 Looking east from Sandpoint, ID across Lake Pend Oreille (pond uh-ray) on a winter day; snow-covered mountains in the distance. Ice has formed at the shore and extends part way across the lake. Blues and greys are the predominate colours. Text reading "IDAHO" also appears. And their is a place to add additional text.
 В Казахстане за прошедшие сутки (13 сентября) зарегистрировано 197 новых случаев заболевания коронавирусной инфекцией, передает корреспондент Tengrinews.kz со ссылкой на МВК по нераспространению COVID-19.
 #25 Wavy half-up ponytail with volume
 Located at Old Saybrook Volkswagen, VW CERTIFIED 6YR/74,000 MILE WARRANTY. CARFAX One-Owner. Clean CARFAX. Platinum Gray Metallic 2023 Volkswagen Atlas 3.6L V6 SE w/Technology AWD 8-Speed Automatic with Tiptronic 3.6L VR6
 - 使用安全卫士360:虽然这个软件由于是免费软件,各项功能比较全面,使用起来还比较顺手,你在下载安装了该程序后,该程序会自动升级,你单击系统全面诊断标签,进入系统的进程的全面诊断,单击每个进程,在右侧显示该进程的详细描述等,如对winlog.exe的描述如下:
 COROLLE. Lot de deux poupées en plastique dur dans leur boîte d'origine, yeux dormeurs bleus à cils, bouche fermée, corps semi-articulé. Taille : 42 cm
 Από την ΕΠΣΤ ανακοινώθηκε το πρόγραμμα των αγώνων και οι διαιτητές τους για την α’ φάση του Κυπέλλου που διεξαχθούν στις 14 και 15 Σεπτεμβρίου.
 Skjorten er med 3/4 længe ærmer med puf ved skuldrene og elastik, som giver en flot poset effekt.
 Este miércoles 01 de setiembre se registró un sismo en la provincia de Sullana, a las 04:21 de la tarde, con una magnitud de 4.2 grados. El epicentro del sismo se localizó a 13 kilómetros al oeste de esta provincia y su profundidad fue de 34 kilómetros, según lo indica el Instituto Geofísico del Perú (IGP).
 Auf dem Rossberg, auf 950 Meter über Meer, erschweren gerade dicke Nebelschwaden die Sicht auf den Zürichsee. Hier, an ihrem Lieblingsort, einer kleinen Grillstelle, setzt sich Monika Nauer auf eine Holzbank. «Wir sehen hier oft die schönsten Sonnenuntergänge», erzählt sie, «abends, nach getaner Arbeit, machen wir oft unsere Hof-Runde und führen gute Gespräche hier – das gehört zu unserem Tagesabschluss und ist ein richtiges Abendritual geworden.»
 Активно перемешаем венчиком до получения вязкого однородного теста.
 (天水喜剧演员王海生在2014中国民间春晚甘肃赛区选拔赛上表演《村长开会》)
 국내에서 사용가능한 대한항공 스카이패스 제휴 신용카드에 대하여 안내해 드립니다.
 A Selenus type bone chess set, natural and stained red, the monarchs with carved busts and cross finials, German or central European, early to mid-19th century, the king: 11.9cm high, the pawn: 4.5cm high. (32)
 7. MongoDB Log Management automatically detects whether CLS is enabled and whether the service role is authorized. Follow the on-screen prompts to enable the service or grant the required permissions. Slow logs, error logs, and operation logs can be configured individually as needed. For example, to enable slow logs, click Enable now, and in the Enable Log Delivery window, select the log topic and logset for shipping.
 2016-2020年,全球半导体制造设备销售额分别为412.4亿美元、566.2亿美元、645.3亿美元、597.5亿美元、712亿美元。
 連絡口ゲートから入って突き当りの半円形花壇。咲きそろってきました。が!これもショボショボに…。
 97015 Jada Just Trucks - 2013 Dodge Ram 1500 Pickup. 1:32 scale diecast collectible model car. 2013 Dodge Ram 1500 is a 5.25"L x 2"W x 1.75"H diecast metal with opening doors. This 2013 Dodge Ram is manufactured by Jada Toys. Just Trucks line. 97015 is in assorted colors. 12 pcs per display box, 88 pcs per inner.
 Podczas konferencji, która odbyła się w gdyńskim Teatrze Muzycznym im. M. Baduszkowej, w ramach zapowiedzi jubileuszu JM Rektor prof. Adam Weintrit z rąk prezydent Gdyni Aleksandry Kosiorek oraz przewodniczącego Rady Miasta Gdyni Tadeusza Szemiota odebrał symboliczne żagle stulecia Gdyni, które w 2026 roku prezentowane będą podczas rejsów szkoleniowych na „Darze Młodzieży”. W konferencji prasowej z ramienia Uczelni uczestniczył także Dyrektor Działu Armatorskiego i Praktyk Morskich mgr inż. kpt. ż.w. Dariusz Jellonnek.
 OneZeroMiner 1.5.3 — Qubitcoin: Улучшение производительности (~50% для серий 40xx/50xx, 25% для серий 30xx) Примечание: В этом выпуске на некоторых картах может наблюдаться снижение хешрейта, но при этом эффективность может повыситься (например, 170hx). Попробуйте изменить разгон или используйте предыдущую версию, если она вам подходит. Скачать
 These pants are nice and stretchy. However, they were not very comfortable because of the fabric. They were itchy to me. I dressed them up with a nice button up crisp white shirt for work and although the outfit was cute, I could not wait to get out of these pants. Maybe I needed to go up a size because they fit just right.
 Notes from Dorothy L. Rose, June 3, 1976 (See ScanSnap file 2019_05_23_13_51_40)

***

What the exercise asks:
Retype only the lines above between the line with "국내에서 사용가능한 대한항공 스카이패스 제휴 신용카드에 대하여 안내해 드립니다." and the line with "連絡口ゲートから入って突き当", counting those two lines as well, and keep every character as it is.

Answer for this exercise:
 국내에서 사용가능한 대한항공 스카이패스 제휴 신용카드에 대하여 안내해 드립니다.
 A Selenus type bone chess set, natural and stained red, the monarchs with carved busts and cross finials, German or central European, early to mid-19th century, the king: 11.9cm high, the pawn: 4.5cm high. (32)
 7. MongoDB Log Management automatically detects whether CLS is enabled and whether the service role is authorized. Follow the on-screen prompts to enable the service or grant the required permissions. Slow logs, error logs, and operation logs can be configured individually as needed. For example, to enable slow logs, click Enable now, and in the Enable Log Delivery window, select the log topic and logset for shipping.
 2016-2020年,全球半导体制造设备销售额分别为412.4亿美元、566.2亿美元、645.3亿美元、597.5亿美元、712亿美元。
 連絡口ゲートから入って突き当りの半円形花壇。咲きそろってきました。が!これもショボショボに…。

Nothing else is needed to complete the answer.